Hebrews 11:1-2
Now faith is the substance of things hoped for, the evidence of things not seen. For by it the elders obtained a good report.
We sing the hymn “Faith of our fathers, holy faith!”
As we celebrate the 242th birthday of our country, it is appropriate that we honor the men who founded our country. It is also appropriate and good for us to remember their faith in God who guided them.
And it’s most appropriate to give God all the glory and praise for his providential care in guiding these men to create a country and a constitution that gives us liberty to pursue our own lives and happiness and to worship Him in freedom without fear of persecution.
Instead of me expounding on their faith, I’m going to let them speak for themselves.

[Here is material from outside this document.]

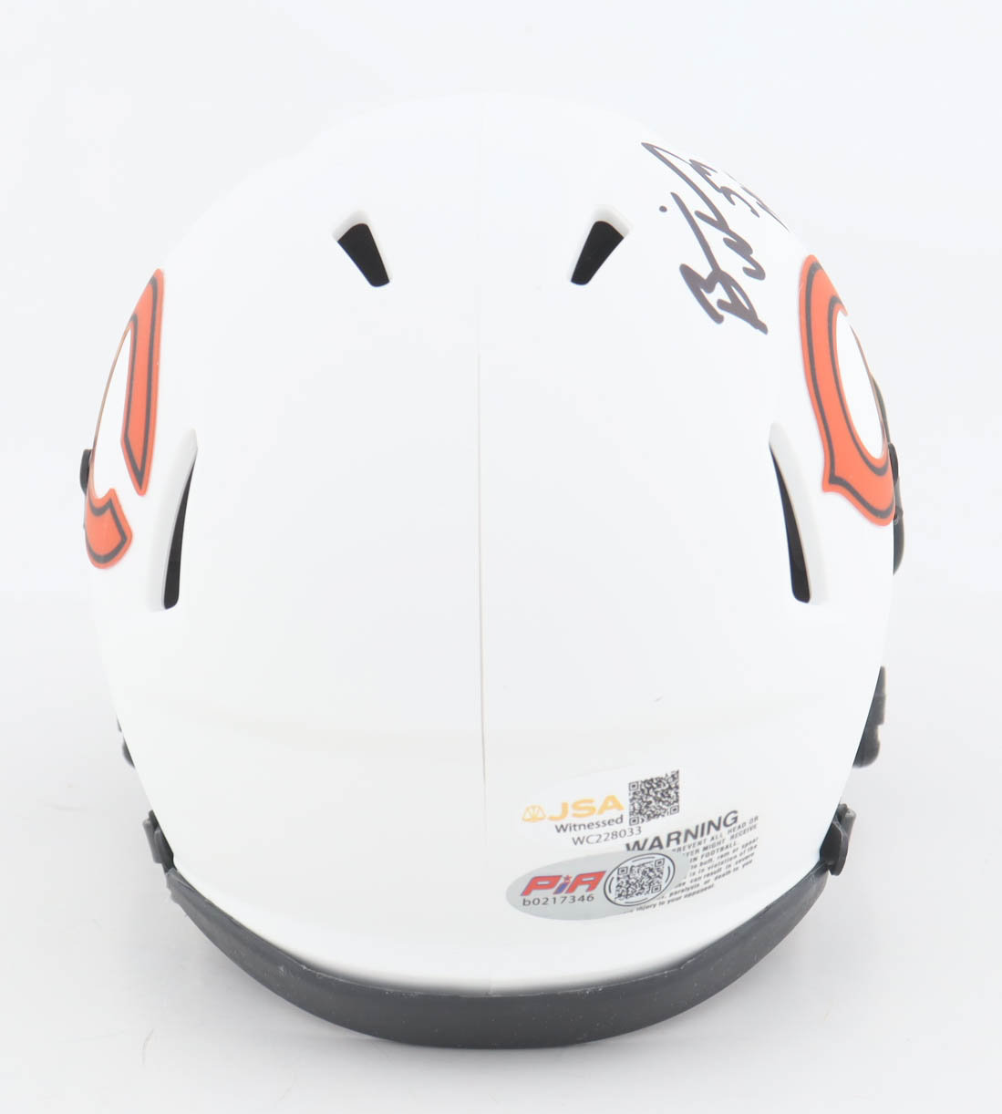 Riddell Chicago Bears Lunar Eclipse Alternate Speed Mini Helmet. Hand-signed and inscribed by Brian Urlacher (HOF).

In 1789 at the Constitutional Convention, after deliberating for 4-5 weeks without much progress, Benjamin Franklin made a motion that prayers be offered every morning asking God for His help in their deliberations:
“I therefore beg leave to move that henceforth prayers imploring the assistance of Heaven, and its blessings on our deliberations, be held in this Assembly every morning before we proceed to business, and that one or more of the Clergy of this City be requested to officiate in that Service”
Edmund Randolph from Virginia then added to Franklin’s motion that a sermon be preached on July 4th during the convention. Franklin seconded Randolph’s motion.
“The general principles on which the fathers achieved independence were the general principals of Christianity. I will avow that I then believed, and now believe, that those general principles of Christianity are as eternal and immutable as the existence and attributes of God.” – John Adams
“The Man must be bad indeed who can look upon the events of the American Revolution without feeling the warmest gratitude towards the great Author of the Universe whose divine interposition was so frequently manifested in our behalf.” – George Washington
“I … [rely] upon the merits of Jesus Christ for a pardon of all my sins.” – Samuel Adams
John Hancock called on the State of Massachusetts to pray:
“…that all may bow to the scepter of our Lord Jesus Christ and that the whole Earth may be filled with his glory.”
“I have sometimes thought there could be no stronger testimony in favor of religion or against temporal enjoyments, even the most rational and manly, than for men who occupy the most honorable and gainful departments and are rising in reputation and wealth, publicly to declare their unsatisfactoriness by becoming fervent advocates in the cause of Christ, and I wish you may give in your evidence in this way.” – James Madison
“The practice of morality being necessary for the well-being of society, He [God] has taken care to impress its precepts so indelibly on our hearts that they shall not be effaced by the subtleties of our brain. We all agree in the obligation of the moral precepts of Jesus, and nowhere will they be found delivered in greater purity than in His discourses.” – Thomas Jefferson
And those very familiar words written in the Declaration of Independence, July 4, 1776:
“We hold these truths to be self-evident, that all men are created equal, that they are endowed by their Creator with certain unalienable Rights, that among these are Life, Liberty and the pursuit of Happiness.”
And, finally, when he had completed his term as the first president of the United States of America, George Washington offered this prayer in his Farewell Address, September, 1796:
“I now make it my earnest prayer that Thou wilt keep the United States in Thy holy protection, that thou wilt incline the hearts of the citizens to cultivate a spirit of subordination and obedience to government; and entertain a brotherly affection and love for one another and for their fellow citizens of the United States of America at large. And finally that Thou wilt most graciously be pleased to dispose us all to do justice, to love mercy and to demean ourselves with that charity, humility, and pacific temper of mind which were the characteristics of The Divine Author of our blessed religion, and without whose example in these things we can never hope to be a happy nation.”
May God Bless You and May God Bless the United States of America.